6. No es el deseo de ser bella lo que está mal, claro, sino la obligación de serlo—o tratar de serlo. Lo que es aceptado por la mayoría de las mujeres como una idealización halagadora de su sexo es una manera de hacer sentir a las mujeres inferiores a lo que realmente son—o normalmente crecen para ser. Porque el ideal de belleza es administrado como una forma de auto-opresión. Las mujeres son educadas para ver sus cuerpos en partes, y para evaluar cada parte de forma separada. Senos, pies, caderas, cintura, cuello, ojos, cutis, cabello, y así—cada uno es sometido a menudo a un irritable y desesperado escrutinio. Incluso si algunos pasan la prueba, siempre serán encontrados defectuosos. Nada menos que la perfección.

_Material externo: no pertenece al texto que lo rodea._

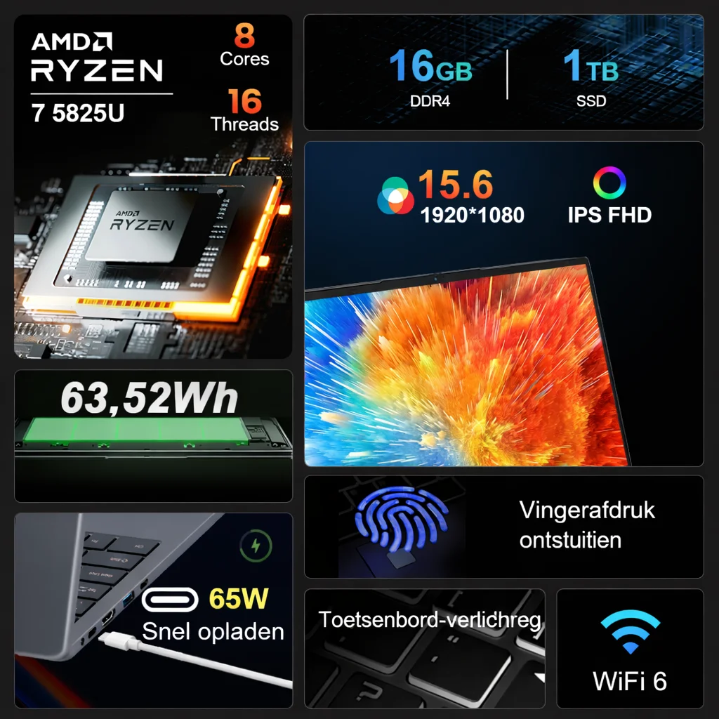 ↑Ninkear A15 plus 15,6 inch FHD IPS scherm laptop AMD Ryzen 7 5825U 16GB DDR4 1TB SSD WiFi 6 Windows 11 Pro Office Notebook - TopDealBox

7. En los hombres, verse bien es un todo armónico, algo captado de un vistazo. No necesita ser corroborado por medidas exactas de las diferentes regiones del cuerpo. Nadie anima a los hombres a seccionar su apariencia, rasgo por rasgo. La perfección es considerada trivial—poco masculina. En efecto, en el hombre atractivamente ideal, una pequeña imperfección o defecto es considerado positivamente deseable. Según una crítica de cine (mujer), fan declarada de Robert Redford, tener aquel grupo de lunares en la mejilla ha salvado al actor de ser considerado una mera “cara bonita”. Piénsese en la devaluación de las mujeres —así como de la belleza— que está implícita en dicha sentencia.

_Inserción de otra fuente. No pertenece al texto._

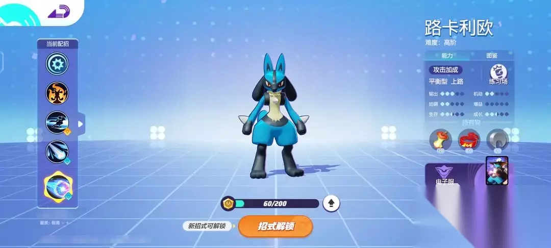 图鉴三:路卡利欧 波导勇者路卡利欧是一只平衡型的宝可梦,不论是生存能力,还是输出能力都非常的在线,是一个操作上限很高的角色。他的特性可以进一步提高该宝可梦的容错下。学习神速后普攻三下为强化普攻并为目标挂上神速标记。神速核心机制在攻击到神速标记的敌人时,可以刷新神速的冷却,最好是保持一直攻击有目标的敌人,这样保证神速不中断,可以选择附带叠加伤害的分支技能。 比如“骨棒乱打”,可以控制对手并挂上标记。集结招式主要是用来抢夺资源,或者进行远距离的击杀,可以弥补自身技能的空档期,而分支技能的选择主要就是用来提升实质性造成的伤害的。

8. “Los privilegios de la belleza son inmensos”, dijo Cocteau. Para estar seguros, la belleza es una forma de poder. Y con razón. Lo lamentable es que es la única forma de poder que la mayoría de las mujeres son alentadas a perseguir. Este poder siempre es concebido en relación al hombre; no es el poder para hacer, sino para atraer. Es el poder que se niega a sí mismo. Porque este poder no es aquel que puede ser elegido con libertad—al menos, no por las mujeres— o renunciado sin alguna censura social.

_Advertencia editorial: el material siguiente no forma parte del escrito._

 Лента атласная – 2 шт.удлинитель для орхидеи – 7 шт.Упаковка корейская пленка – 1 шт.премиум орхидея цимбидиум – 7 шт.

9. Arreglarse, para las mujeres, nunca puede ser solo un placer. También es un deber. Es su trabajo. Si una mujer trabaja realmente —e incluso si ha escalado a una posición líder en política, leyes, medicina, negocios, o lo que sea— ella siempre estará bajo la presión de confesar que trabaja en ser atractiva. Pero en la medida en que se mantiene como uno de los sexos oficiales, ella despierta sospechas acerca de su capacidad de ser objetiva, profesional, autoritaria y atenta.
10. Uno podría a duras penas preguntarse por evidencia más relevante acerca de los peligros de considerar a las personas divididas entre lo que está en el “interior” y lo que está en el “exterior”, en lugar de aquel interminable —medio cómico, medio trágico— cuento de la opresión de la mujer. Qué fácil es empezar definiendo a las mujeres como cuidadoras de su apariencia, para luego menospreciarlas (o encontrarlas adorables) por ser “superficiales”. Es una cruda trampa, y ha funcionado por mucho tiempo. Pero salir de la trampa requiere que la mujer tome cierta distancia crítica de aquel privilegio y aquella excelencia que significa la belleza, suficiente distancia para ver cuánta belleza en sí ha sido limitada para apoyar el mito de lo “femenino”. Debe haber alguna manera de salvar la belleza de las mujeres—y para ellas.